Look through the data below for the line with "Heavy silver filed" and the line with "Un simple zen", then transcribe exactly from the first through the second, leaving out all pictures.

Record extracts>
########################################

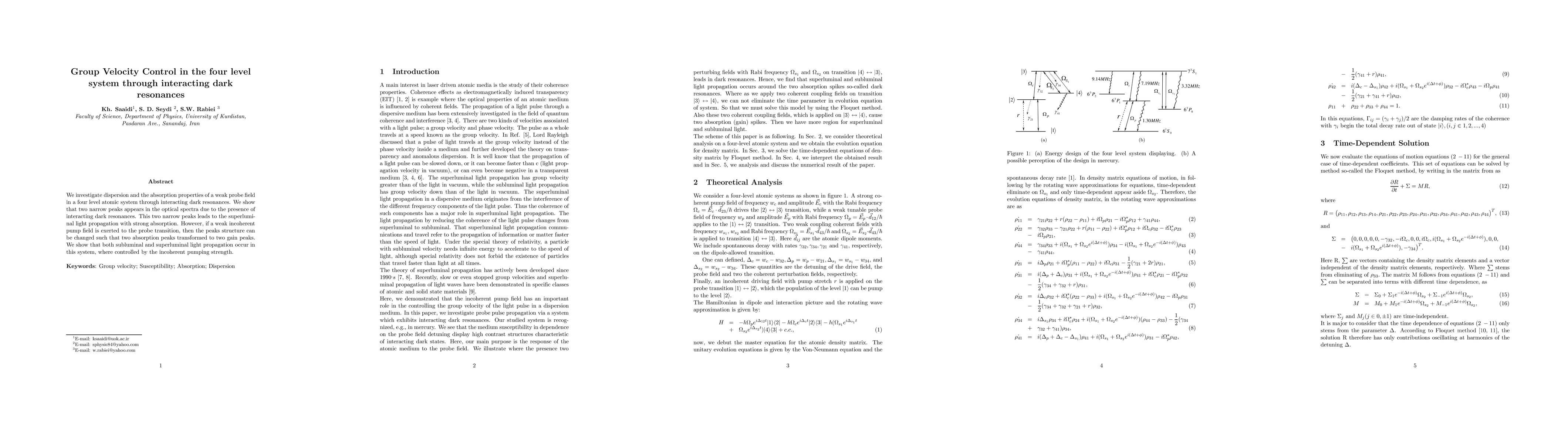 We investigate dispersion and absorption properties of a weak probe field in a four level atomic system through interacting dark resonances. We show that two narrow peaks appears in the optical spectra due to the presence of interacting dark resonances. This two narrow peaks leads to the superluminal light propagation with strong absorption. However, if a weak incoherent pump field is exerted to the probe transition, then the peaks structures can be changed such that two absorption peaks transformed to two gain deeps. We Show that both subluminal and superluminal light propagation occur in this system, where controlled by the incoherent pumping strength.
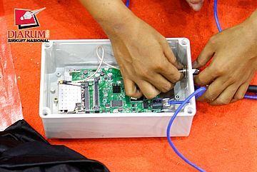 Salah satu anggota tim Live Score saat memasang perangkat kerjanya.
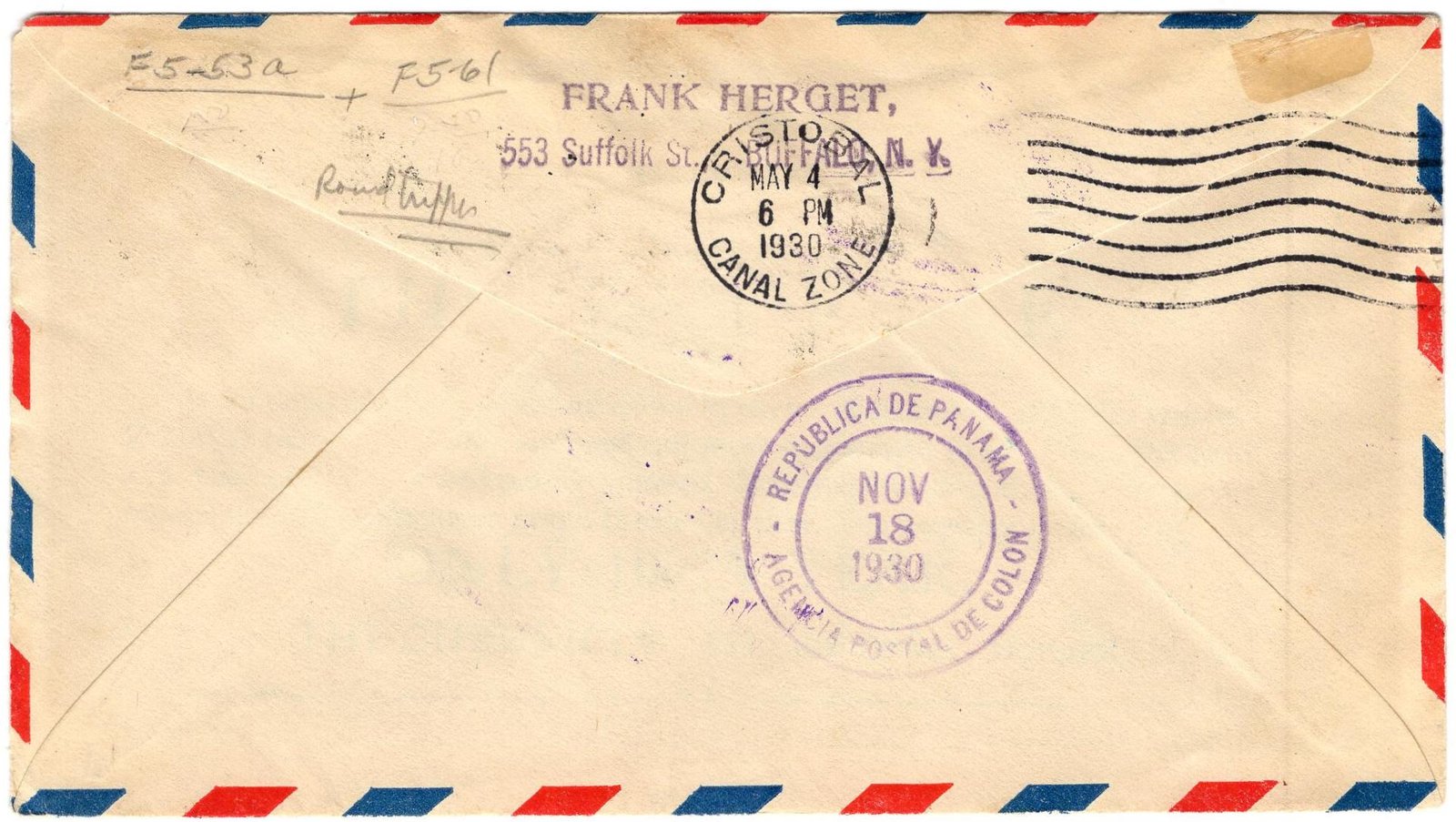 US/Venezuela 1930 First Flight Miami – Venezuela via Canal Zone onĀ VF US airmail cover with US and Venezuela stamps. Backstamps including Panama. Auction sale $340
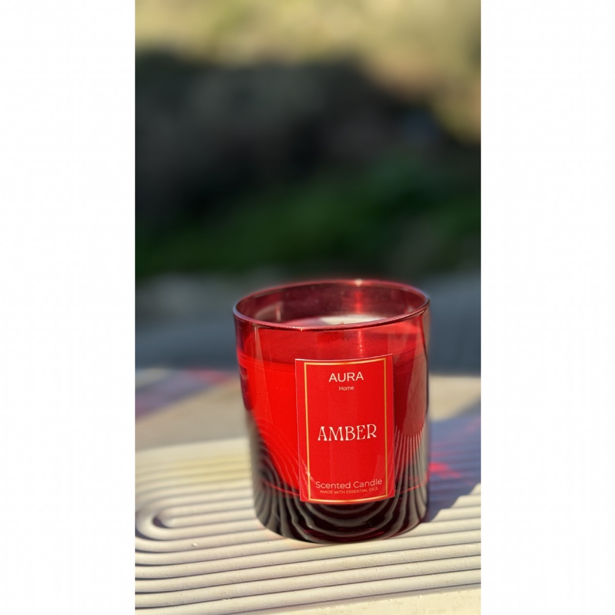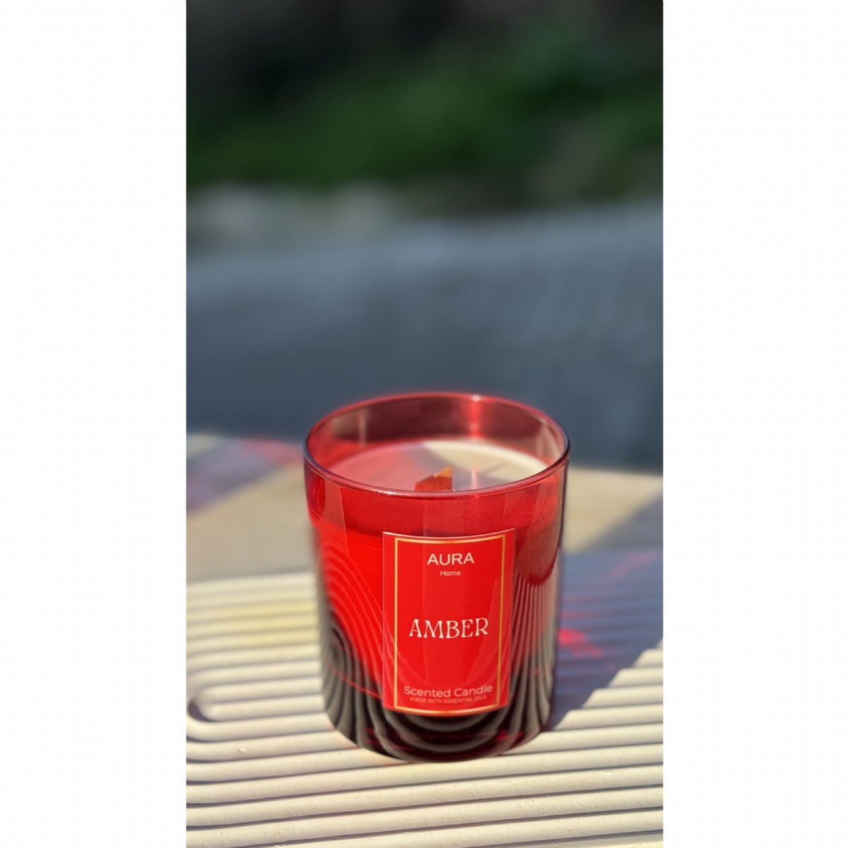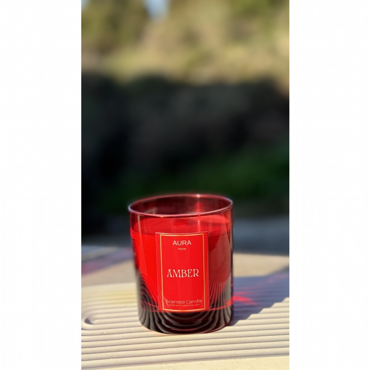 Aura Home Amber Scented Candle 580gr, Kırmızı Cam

########################################

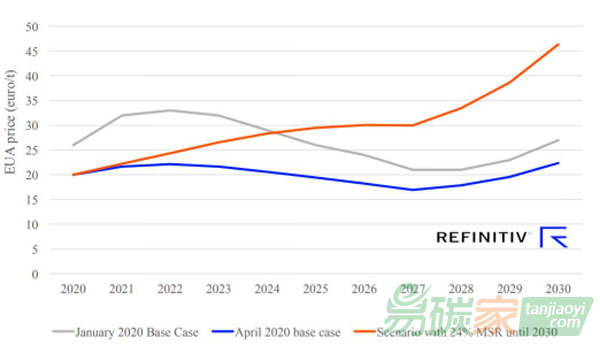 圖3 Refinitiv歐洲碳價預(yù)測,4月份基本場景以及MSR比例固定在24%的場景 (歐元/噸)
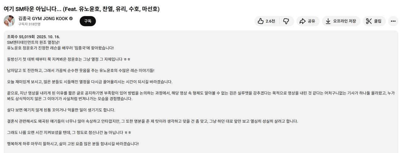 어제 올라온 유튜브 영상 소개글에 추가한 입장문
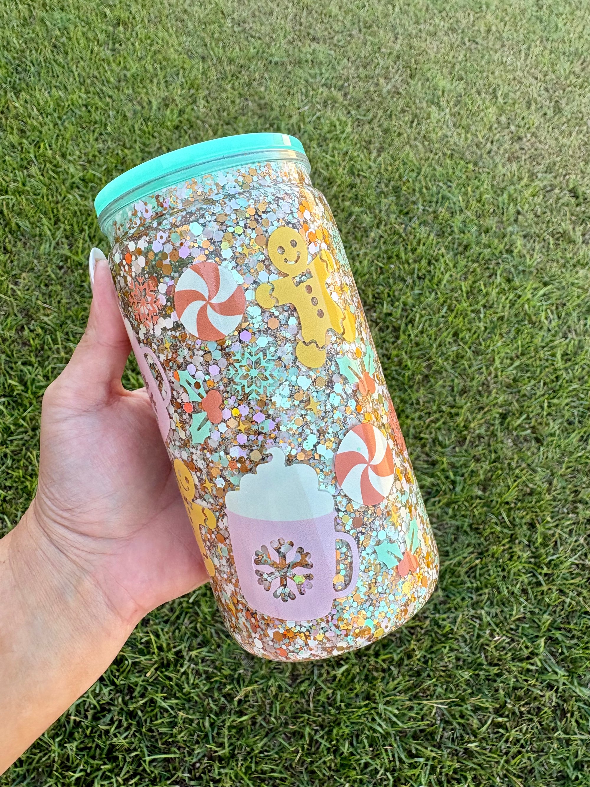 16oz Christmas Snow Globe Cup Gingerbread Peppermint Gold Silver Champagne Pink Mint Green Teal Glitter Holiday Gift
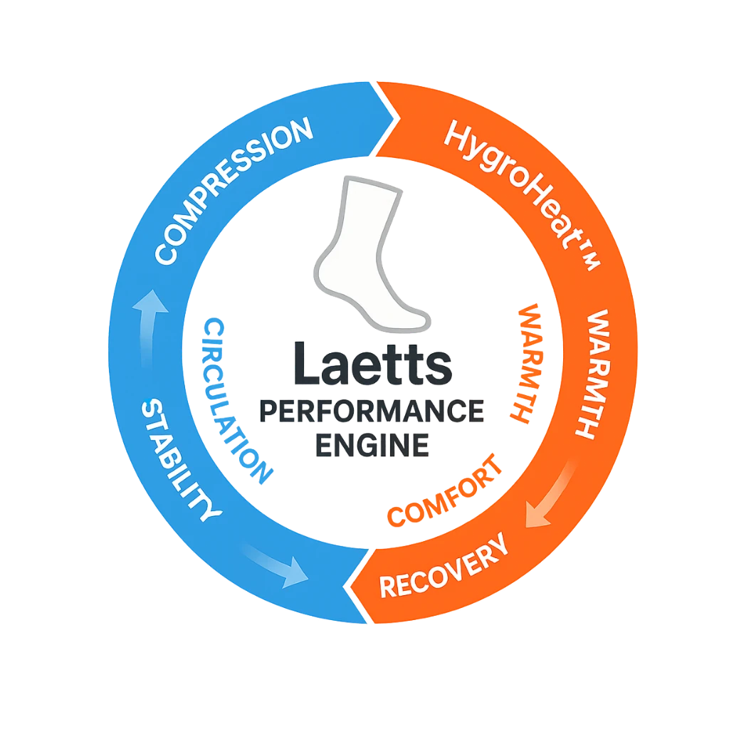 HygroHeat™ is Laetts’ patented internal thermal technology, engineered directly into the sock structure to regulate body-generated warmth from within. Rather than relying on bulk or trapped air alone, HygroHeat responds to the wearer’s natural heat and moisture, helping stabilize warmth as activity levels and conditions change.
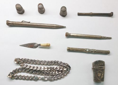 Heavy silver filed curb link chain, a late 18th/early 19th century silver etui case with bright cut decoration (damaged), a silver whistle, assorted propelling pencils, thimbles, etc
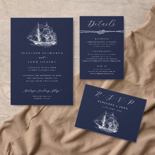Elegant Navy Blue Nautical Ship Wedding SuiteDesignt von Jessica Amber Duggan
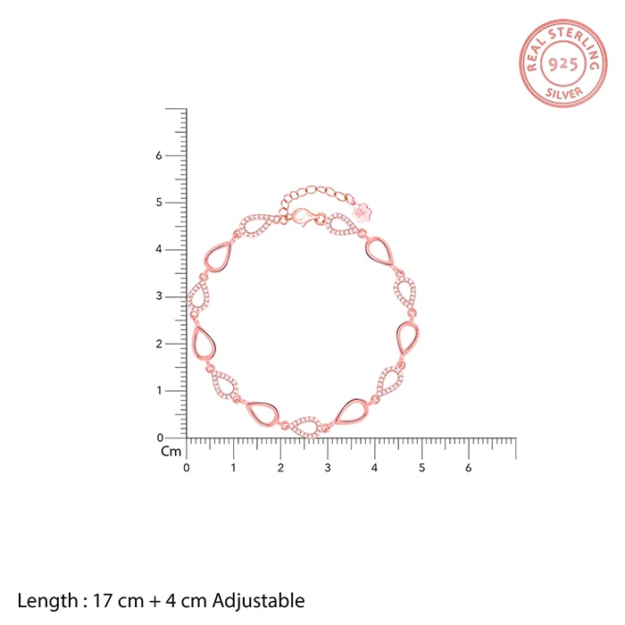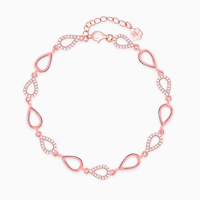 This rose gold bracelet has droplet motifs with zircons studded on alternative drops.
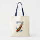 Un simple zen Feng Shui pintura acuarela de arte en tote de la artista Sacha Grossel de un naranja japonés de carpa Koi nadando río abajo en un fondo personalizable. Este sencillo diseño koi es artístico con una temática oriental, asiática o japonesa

########################################

Response below>
 Heavy silver filed curb link chain, a late 18th/early 19th century silver etui case with bright cut decoration (damaged), a silver whistle, assorted propelling pencils, thimbles, etc
Elegant Navy Blue Nautical Ship Wedding SuiteDesignt von Jessica Amber Duggan
 This rose gold bracelet has droplet motifs with zircons studded on alternative drops.
 Un simple zen Feng Shui pintura acuarela de arte en tote de la artista Sacha Grossel de un naranja japonés de carpa Koi nadando río abajo en un fondo personalizable. Este sencillo diseño koi es artístico con una temática oriental, asiática o japonesa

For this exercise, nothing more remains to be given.